After exploring and narrowing what I mean by identity, sense of self, and belonging in this context, I will firstly contend that Boston’s use of Global Time – all times present and accessible in one moment – establishes a way to recover an individual's continuity with their past, restoring a security of identity threatened by unknown or severed links with their sense of heritage. Secondly, I will propose that Boston's depiction of the Green Knowe manor works both as a physical receptacle and symbolic representation of the past, while also providing a 'place' for Boston’s 'dis-placed' child characters to belong to. Finally, I will argue that while the Green Knowe series appears to follow the conventions of pastoralism, it is in the end a significant reworking of this tradition. By allowing, at the end of the six book series, the manor to have survived all threats to its existence, I will argue that the texts do not conclude with an ironic destruction of the pastoral world, and neither with the romantic reassurance that it will always remain. Rather, I will demonstrate, the texts suggest that a deep experience of the pastoral world allows the individual sense of  belonging and identity to survive the inevitable eventual destruction of the physical pastoral world in which they were developed.

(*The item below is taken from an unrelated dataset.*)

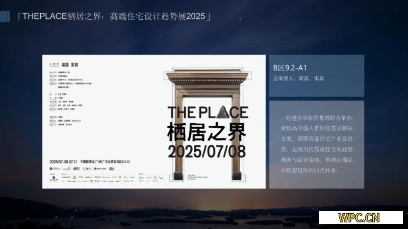 宋真介紹,“THE PLACE 棲居之界:高端住宅設計趨勢展2025”特展由中國建博會(廣州)發起,由展入“宅”、特別邀請萬華投資集團聯合舉辦,由麓湖A8設計中心、萬華集團室內設計中心參與策展,由靈感家擔任傳播統籌。

Overall, I will demonstrate how the mingling of past and present, the notion that place can evoke a sense of belonging for those in need, and the preservation of the pastoral state within the scope of the narrative all move towards a reinstatement of the past as valued heritage in order to give continuity, a sense of belonging, and a sense of identity back to individuals threatened by the devaluing and destruction of their links to and sense of the past.

Methods:

Primary texts:

Lucy Boston’s six novel series, comprise of (in chronological order): The Children of Green Knowe, The Chimneys of Green Knowe, The River at Green Knowe, The Stranger at Green Knowe, An Enemy at Green Knowe, The Stones of Green Knowe.
These will be the most important primary texts as they form the main textual focus of my thesis. However, not every book is relevant to each of the three themes I will be examining. Children, Chimneys and Stones will be most important to my examination of time, Children, and Stranger to my investigation of place, and Stranger, Enemy and Stones to my examination of the pastoral. River, generally acknowledged as the ‘square peg’ of the series, will be of occasional relevance only.

Secondary texts:

Central to my investigation of time in the Green Knowe novels will be Eleanor Cameron’s book The Green and Burning Tree, and Mary Buckalew’s article “Global Time in Lucy Boston’s Green Knowe Novellas”, which are the most detailed treatments to date of the use of time in the Green Knowe series, although in no way interchangeable in outlook. Buckalew explores Global Time (her term which I will appropriate for my writing) as time as ‘God’ beholds it  – that is, time looked at from the perspective of Eternity. Her detailed exploration of the symbolism of Global Time in the books will be indispensable, she does not, however, link it as I will to development of a sense identity and belonging in the characters. Cameron’s book (the relevant chapter of which provides the title of the book itself), is an investigation of the mingling of the past and present – what she terms ‘the green and burning tree’  - in children’s fantasy. This classic study, much praised and disputed by later critics, is especially interesting as it does to link the use of time to the development of a sense of belonging (though she does not link it to identity) in the characters of Boston’s novels.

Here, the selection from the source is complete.